Vaccination by region:

Oof, again. Why the heck is this happening? Falling vaccination rates aren’t part of the narrative right now at all. The fall can’t be storm related, because we already had a spike after the storms passed. Hopefully we haven’t reached a demand ceiling, well before the level needed for herd immunity. But from The Hill: “41 percent say they are not willing to receive coronavirus vaccine

Forty-one percent of voters said they are not willing to get the coronavirus vaccine, according to a new Harvard CAPS-Harris poll released exclusively to The Hill on Monday. The same survey found that 59 percent of respondents said they were willing to receive the vaccine. Among those who said they were unwilling to get the vaccine, 66 percent said they were concerned about side effects, while another 33 percent said they did not believe it was effective. Twenty-seven percent said they were not concerned about the virus, 23 percent said it should go to more at-risk individuals and 17 percent said they had health concerns.

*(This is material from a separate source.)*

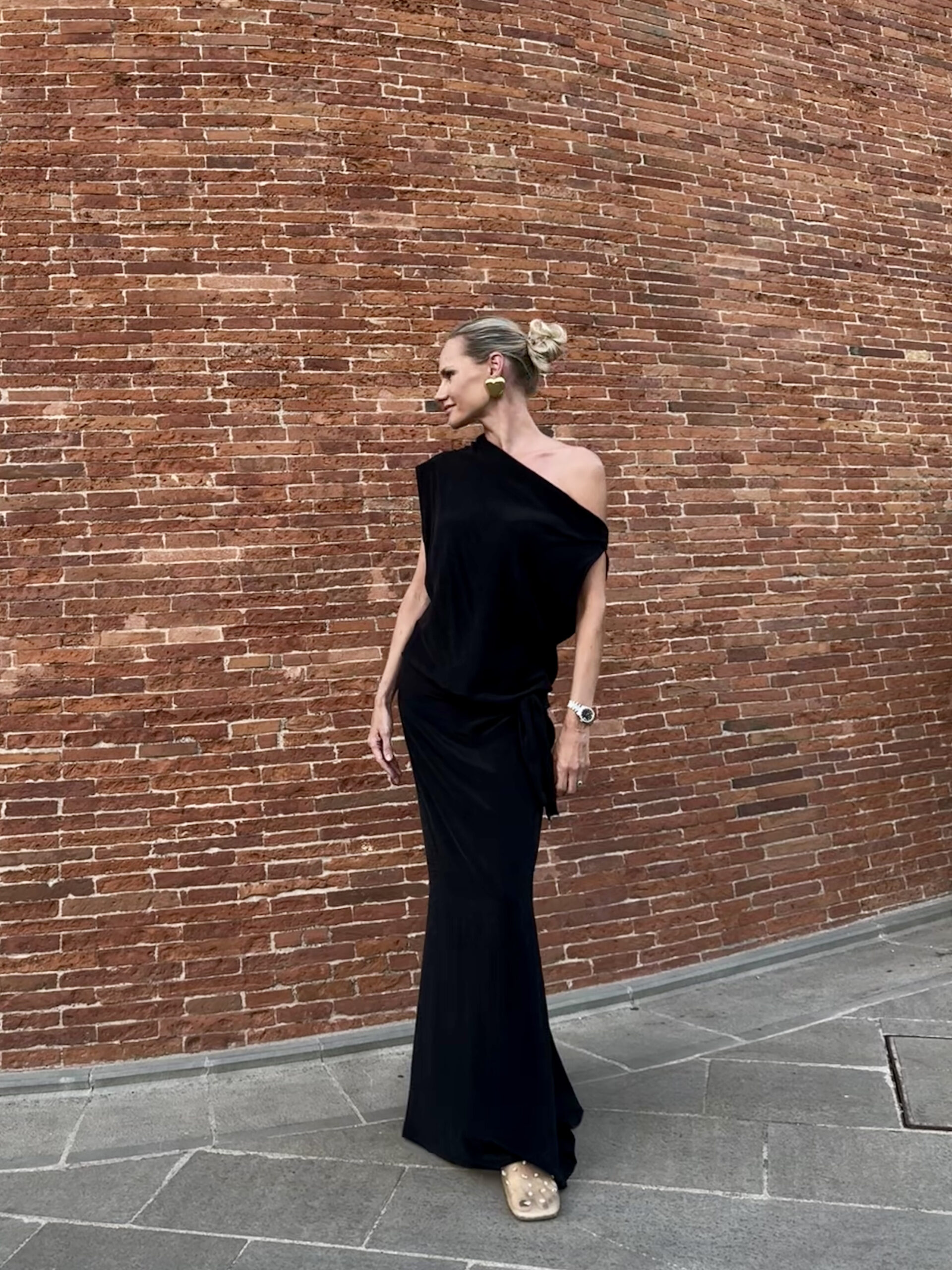 One-shoulder silk dress

“The single most concerning number in this moths poll is that 4 in 10 of those who have not been vaccinated do not want to take the vaccine. This includes 60 percent of Black voters,” Harvard CAPS-Harris polling director Mark Penn told The Hill.

And oof, again. And Bloomberg:

With three approved coronavirus vaccines, the U.S. will be able to ramp up supply in the coming weeks but still has work to do in persuading the public to get the shots, said David Kessler, the new chief science officer for the federal government’s coronavirus response.

“We’re going to go from a supply problem to a demand problem,” Kessler said in a conversation with the PBS NewsHour’s Judy Woodruff at the CityLab 2021 conference, hosted by Bloomberg Philanthropies and the Aspen Institute. “We need to make sure that all people can trust the safety of the vaccine.”

I know what to do; let’s scold and shame people for being stupid. Or — here’s an idea — let’s wheel in some celebrities. Dolly Parton? One thing I do know is that the Biden Administration has no single point of contact with the public for Covid information (and messaging). We’ve got Fauci swanning around doing his thing, but he’s just one person. For awhile, Trump did this, executing a good idea badly. Politico:

A week into his presidency, Joe Biden made the confident prediction that any American who wanted a Covid shot would be able to get one by spring.

By his fourth week, that timeline had slipped to mid-summer. But as the administration prepared to authorize a third coronavirus vaccine, and with a surge of doses on the horizon, Biden last week debuted a new target: widespread vaccine availability by April.

The mixed messages risk sowing confusion across the country as the nation enters the second year of the pandemic, testing the administration’s ability to overcome still-significant pockets of vaccine skepticism and make good on its pledge of large-scale immunization within Biden’s first 100 days in office.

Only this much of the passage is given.